Polymarket Trading Fees: The Real Formula and Table

by J Cook · 7 min read·

Summary:

  1. Polymarket charges fees per category, with crypto at 7.2% and several categories at 5%.
  2. The fee formula uses price × (1−price), which peaks at $0.50 and falls toward the extremes.
  3. Makers pay zero and earn daily USDC rebates on specific categories.
  4. Hardcoding flat fees will lose money on every trade in the wrong category.

Most Polymarket bot tutorials tell you fees are “0 to 2%.” That is wrong, and it is wrong in a way that makes every edge calculation useless. The real number on a crypto market trade at $0.30 is closer to 5% of trade value. Bots that assume 2% bleed on every trade.

I ran my first arbitrage scanner with hardcoded 2% fees and watched it lose $180 in two days on spreads that looked profitable on paper. The gaps were real. The scanner just did not subtract the right fee, so every green-looking trade was actually a red one. This article is the fee math most tutorials skip.

What are Polymarket’s trading fees?

Polymarket charges a taker fee that varies by market category, ranging from 0% on Geopolitics to 7.2% on Crypto. From the official fees docs, the formula is:

fee = shares × feeRate × price × (1 − price)

Makers pay zero. Only takers pay. The numbers below are pulled directly from docs.polymarket.com/trading/fees:

CategoryTaker Fee RateMaker Rebate
Crypto0.072 (7.2%)20%
Sports0.03 (3.0%)25%
Finance0.04 (4.0%)25%
Politics0.04 (4.0%)25%
Economics0.05 (5.0%)25%
Culture0.05 (5.0%)25%
Weather0.05 (5.0%)25%
Other / General0.05 (5.0%)25%
Mentions0.04 (4.0%)25%
Tech0.04 (4.0%)25%
Geopolitics0

Geopolitics markets are fee-free. Every other category charges something. Your bot must know which category a market belongs to before sizing any trade.

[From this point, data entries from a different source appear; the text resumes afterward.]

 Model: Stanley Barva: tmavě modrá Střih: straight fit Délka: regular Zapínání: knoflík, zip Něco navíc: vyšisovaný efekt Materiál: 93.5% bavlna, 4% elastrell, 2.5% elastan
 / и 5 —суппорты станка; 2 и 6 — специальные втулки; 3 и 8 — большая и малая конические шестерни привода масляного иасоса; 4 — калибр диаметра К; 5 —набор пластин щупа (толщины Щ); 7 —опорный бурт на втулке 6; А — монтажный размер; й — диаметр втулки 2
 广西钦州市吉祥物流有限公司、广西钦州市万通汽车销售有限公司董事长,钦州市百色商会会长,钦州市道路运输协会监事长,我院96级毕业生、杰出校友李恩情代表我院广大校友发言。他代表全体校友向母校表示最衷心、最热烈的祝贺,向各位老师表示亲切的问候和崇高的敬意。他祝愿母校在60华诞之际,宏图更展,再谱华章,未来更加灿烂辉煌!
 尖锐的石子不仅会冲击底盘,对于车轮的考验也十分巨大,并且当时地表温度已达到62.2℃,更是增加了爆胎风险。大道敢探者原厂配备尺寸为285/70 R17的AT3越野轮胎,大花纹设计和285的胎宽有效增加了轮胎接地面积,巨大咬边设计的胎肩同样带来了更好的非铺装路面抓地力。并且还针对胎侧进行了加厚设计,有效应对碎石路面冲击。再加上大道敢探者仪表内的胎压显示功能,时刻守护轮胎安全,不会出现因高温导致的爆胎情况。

Why does the fee depend on the share price?

Taker fee parabola for 100 shares on Polymarket by category: crypto 7.2 percent peaks at $1.80 at p=0.50, economics at $1.25, politics at $1.00, sports at $0.75, geopolitics flat at zero. All curves show the price times one-minus-price parabola shape dropping toward zero at the extremes

Because the fee formula has a price × (1 − price) term, which is a parabola that peaks at $0.50 and drops toward zero at both extremes. It is the same shape as the variance of a coin flip at that probability.

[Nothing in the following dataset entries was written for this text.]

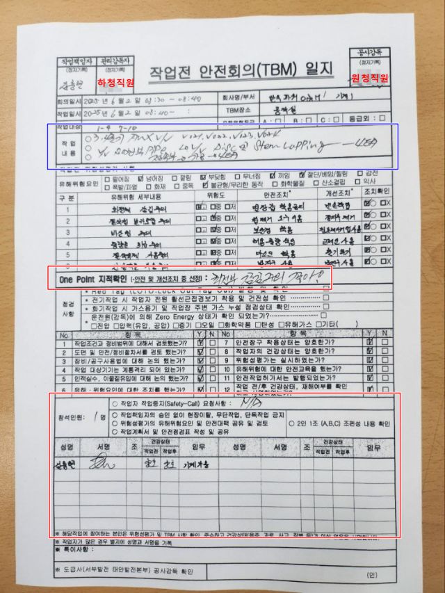 ▲사망 당일 김 씨의 오전 작업 TBM 일지. 원청 직원은 공사감독으로서 오른쪽 상단에 서명하고, 작업내용(파란색)도 기재한다. 이날 'One Poing 지적확인'엔 "회전부 감김주의"가 적혔다. 가장 아래 빨간 네모 안엔 '참석인원 1명'으로 김충현씨 서명만 적혀 있다. ⓒ대책위
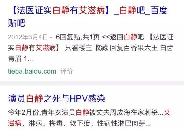 2012年白静家人授权律师发布声明,要求停止一切谣言诽谤,但声明中并未具体说明哪些是谣言诽谤。
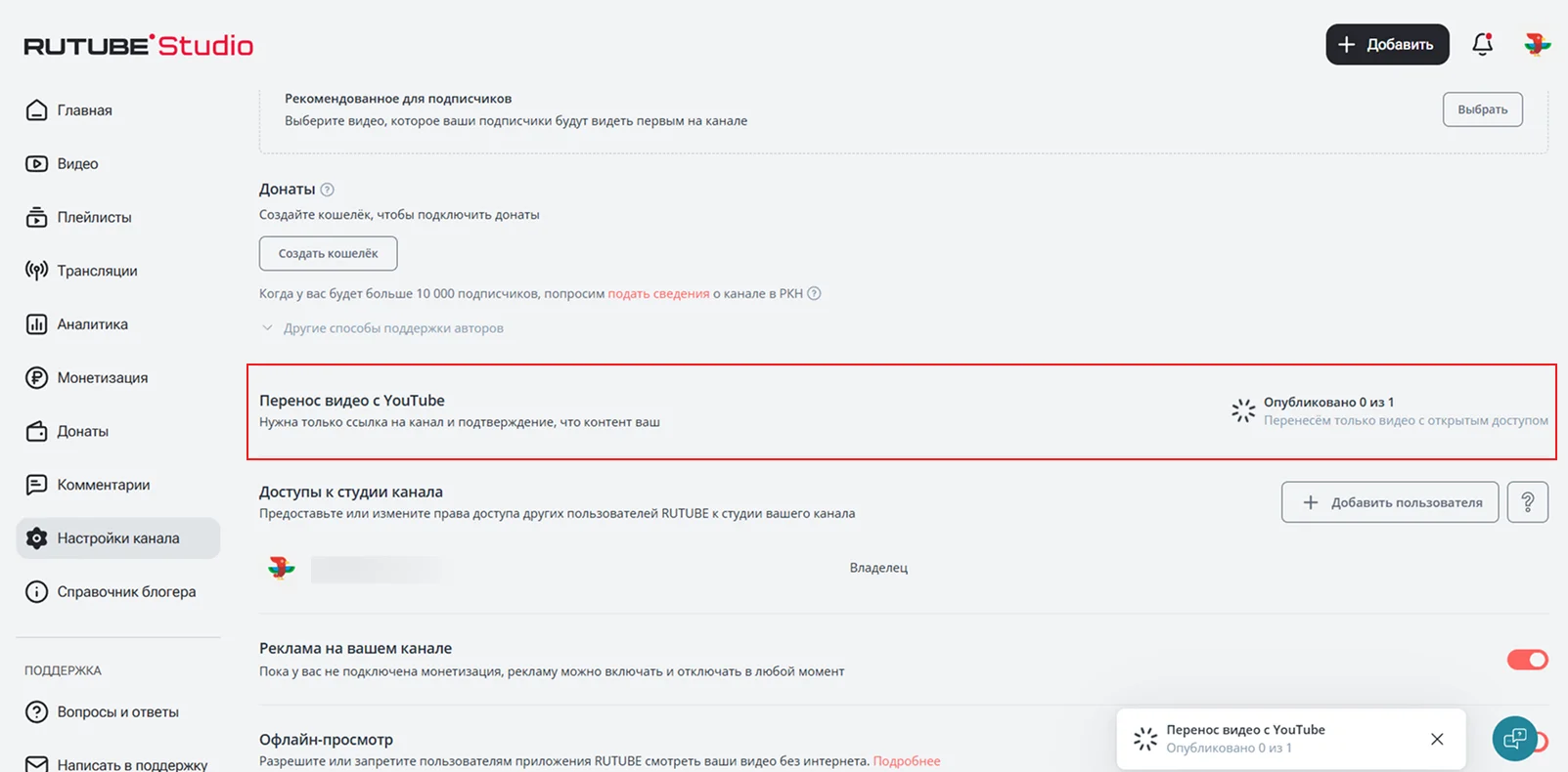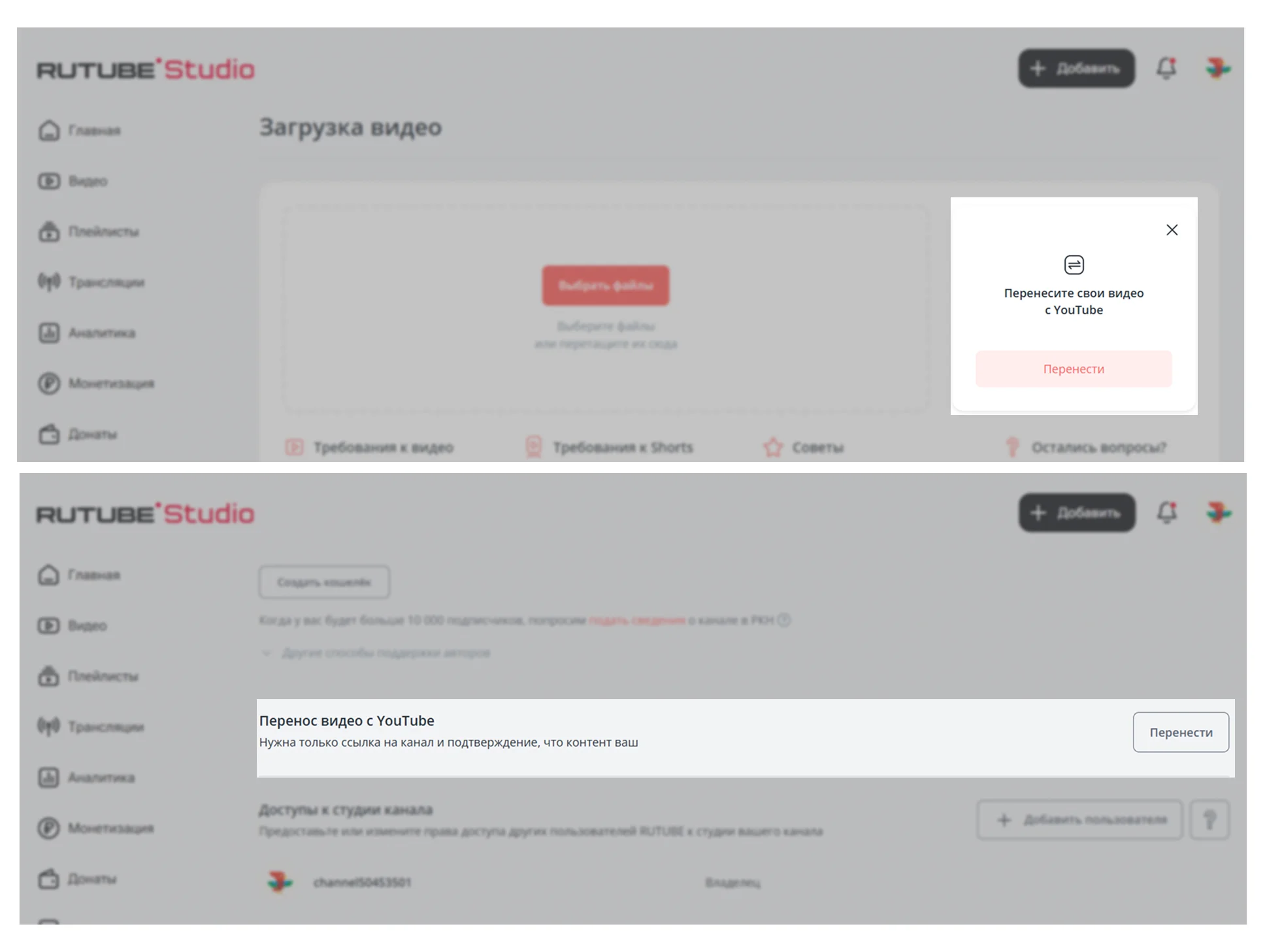 Подробная инструкция, как перенести видео с YouTube на Rutube есть в FAQ сайта. Есть ограничения для переноса видео:
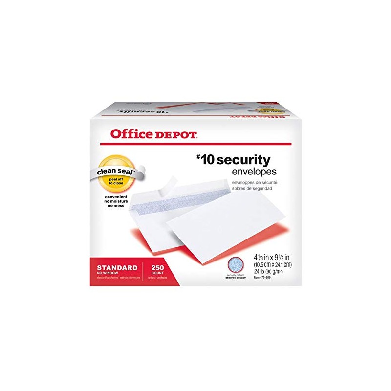 Office Depot Clean Seal(TM) Security Envelopes, #10 (4 1/8in. x 9 1/2in.), White, Box Of 250, 77148

Two trades carry the same dollar fee if their prices sum to 1.00. A trade at $0.30 and a trade at $0.70 cost the same because 0.30 × 0.70 = 0.70 × 0.30. A trade at $0.01 or $0.99 is nearly fee-free. A trade at $0.50 hits the maximum.

Here is the official fee table for a 100-share Crypto trade, pulled directly from docs.polymarket.com/trading/fees:

PriceTrade ValueTaker Fee (USDC)
$0.10$10$0.65
$0.20$20$1.15
$0.30$30$1.51
$0.40$40$1.73
$0.50$50$1.80
$0.60$60$1.73
$0.70$70$1.51
$0.80$80$1.15
$0.90$90$0.65

Notice the symmetry around $0.50. Also notice how fast the fee grows as a percent of trade value when the price is low. At $0.10, $0.65 fee on a $10 trade is 6.5% of trade value. At $0.50, $1.80 on $50 is 3.6%. At $0.30, $1.51 on $30 is 5.0%. Raw percentage of trade value is what kills bot edge, not the dollar fee.

What broke when I used flat fees?

My first scanner hardcoded 2% as the fee. On a 3.2% arbitrage gap between two crypto markets at mid prices, the scanner computed 1.2% net edge and fired the trade. The real fee was closer to 5% effective, so net edge was actually negative 1.8%. Every trade lost money. Two days of it was $180.

Fix: read the real fee rate per market and compute the fee from the formula, not from a guess.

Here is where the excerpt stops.